▶ TASK ITEM: Extract, in full, the lines below, beginning at the first and ending with the line that contains "La magicienne peut". Pictures do not belong in the copy.

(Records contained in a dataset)
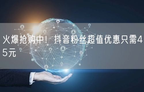近期火爆的抢购活动正在火热进行中!亲爱的抖音粉丝们,好消息来啦!我们特意为大家准备了一场独家超值优惠活动,只需45元,就能享受到我们为你准备的多重惊喜。
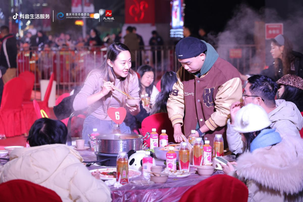 As the highlight of the festival, a grand outdoor hotpot feast for one thousand diners was held at the bustling hotpot booths after the opening ceremony.
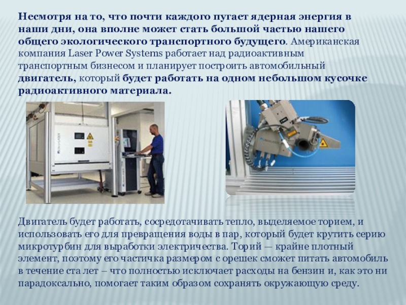 Двигатель будет работать, сосредотачивать тепло, выделяемое торием, и использовать его для превращения воды в пар, который будет крутить серию микротурбин для выработки электричества. Торий — крайне плотный элемент, поэтому его частичка размером с орешек сможет питать автомобиль в течение ста лет – что полностью исключает расходы на бензин и, как это ни парадоксально, помогает таким образом сохранять окружающую среду.
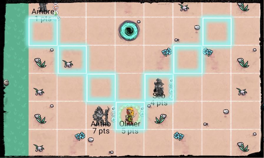 La magicienne peut se téléporter sur les trois cases en surbrillance.
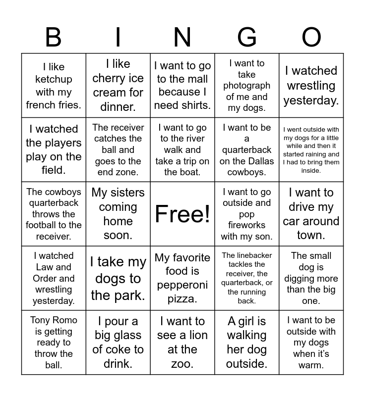 This bingo card has a free space and 24 words: Tony Romo is getting ready to throw the ball., I take my dogs to the park., I want to go to the river walk and take a trip on the boat., A girl is walking her dog outside., I watched wrestling yesterday., I like ketchup with my french fries., I like cherry ice cream for dinner., I want to go to the mall because I need shirts., I want to go outside and pop fireworks with my son., I want to drive my car around town., The cowboys quarterback throws the football to the receiver., The receiver catches the ball and goes to the end zone., The linebacker tackles the receiver, the quarterback, or the running back., The small dog is digging more than the big one., I watched the players play on the field., I pour a big glass of coke to drink., I want to see a lion at the zoo., I want to take photograph of me and my dogs., I went outside with my dogs for a little while and then it started raining and I had to bring them inside., I watched Law and Order and wrestling yesterday., My sisters coming home soon., My favorite food is pepperoni pizza., I want to be a quarterback on the Dallas cowboys. and I want to be outside with my dogs when it’s warm..
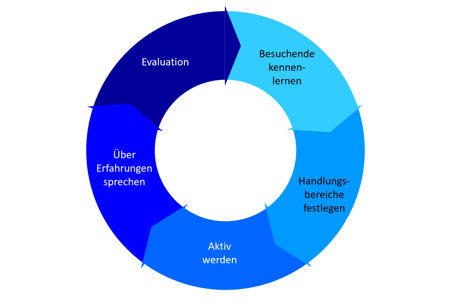 Mit diesen ersten Erkenntnissen fällt es nun deutlich leichter festzulegen, wo man als Erstes handeln möchte. Denn grundsätzlich gibt es in fast allen Institutionen sehr viel bezüglich Inklusion, das in einer idealen Welt angepackt werden sollte. Darin steckt aber ein grosses Frustpotential. Es ist deshalb wichtig, den Handlungsbereich einzuschränken und einen Fokus zu setzen. Damit wird das Thema übersichtlicher und handhabbarer. Vielleicht hat sich kürzlich ein Verband für Schwerhörige und Gehörlose gemeldet? Von einer Massnahme könnten in diesem Fall auch zahlreiche ältere Menschen profitieren, deren Gehör eingeschränkt ist. Oder sie haben regelmässig Gäste mit Migrationshintergrund? Kurze und einfache Texte sind auch für alle anderen Besuchenden attraktiv. Eine Gruppe zu wählen, die bereits da ist oder Interesse anzeigt, stellt sicher, dass beide Seiten von Massnahmen profitieren.

▶ TASK OUTPUT:
近期火爆的抢购活动正在火热进行中!亲爱的抖音粉丝们,好消息来啦!我们特意为大家准备了一场独家超值优惠活动,只需45元,就能享受到我们为你准备的多重惊喜。
 As the highlight of the festival, a grand outdoor hotpot feast for one thousand diners was held at the bustling hotpot booths after the opening ceremony.
 Двигатель будет работать, сосредотачивать тепло, выделяемое торием, и использовать его для превращения воды в пар, который будет крутить серию микротурбин для выработки электричества. Торий — крайне плотный элемент, поэтому его частичка размером с орешек сможет питать автомобиль в течение ста лет – что полностью исключает расходы на бензин и, как это ни парадоксально, помогает таким образом сохранять окружающую среду.
 La magicienne peut se téléporter sur les trois cases en surbrillance.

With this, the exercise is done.